Here's an example that may or may not simply be for the purpose of referencing The Wire, which is all the rage these days: If the Baltimore Union of the International Brotherhood of Stevedores decides it's being treated unfairly and wants to pursue litigation against its employer, Hypothetical Widget Shipping, Inc., it cannot dissolve the union, file a lawsuit and re-unionize later. At least not right now.

But it could -- potentially anyway -- do such a thing should the Appeals Court rule in favor of the players. (Edit: There is a difference between the status of sports leagues and other places of employ re: anti-trust status. But the point remains that the court would open itself up to a different interpretation of the law.
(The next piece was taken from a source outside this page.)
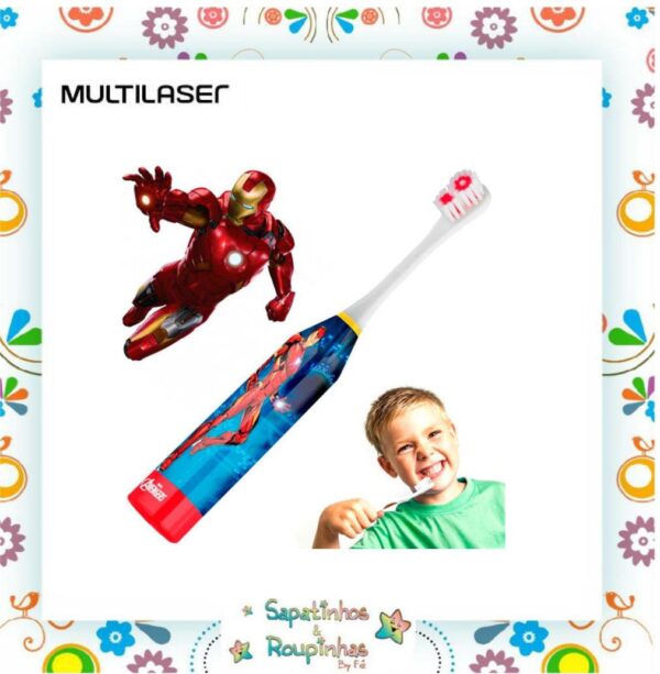 Multilaser – Escova Dental Infantil Elétrica Homem de Ferro Kids Health Pro

Also, a better example could be: the NBA.)

This is problematic for the courts because it completely flips the jurisdiction of all labor disputes, if a union is willing to disband.

Remember, the Court of Appeals is pro-business; they're not "pro Roger Goodell." They don't care about this case in the sense of "How can we keep the players from winning?" They care about this case in the sense of "How does this effect future legal proceedings?"

Which is why it seems quite unlikely that the 8th Circuit will favor the players, regardless of how strong their arguments are.
This assume the union that decertifies is able to seek the protection of antitrust law. That may not be the case. It should also be noted that the union that decertifies not only shoud lose the restraints of Norris-Laguardia, but it also loses the protections of labor law. So it isn't a decision made lightly, particularly if antitrust violations aren't so clear. So, the slippery slope argument isn't very compelling here. What's funny is, the players aren't asking for a change in the law -- they're only asking to have the law applied as it has for the last 80 years. It's the owners asking for the law to be changed (or applied in a new scenario).
 
DallasEast;3956140 said:
So, basically, the trade association has decided to legally and blanketly align the super-secret National Football League with Arabian oil sheiks and Colombian drug lords. Nice. Then again, it does seem like someone we all know and love adopts the aura of a pusher man from time-to-time
The word "cartel" is used most often in the case of drug lords, yes. The term, however, has a broader application than that, of course. The association by the public of the term with drug lords does seem inevitable, but I think the judges are bright enough to understand how they're using the term.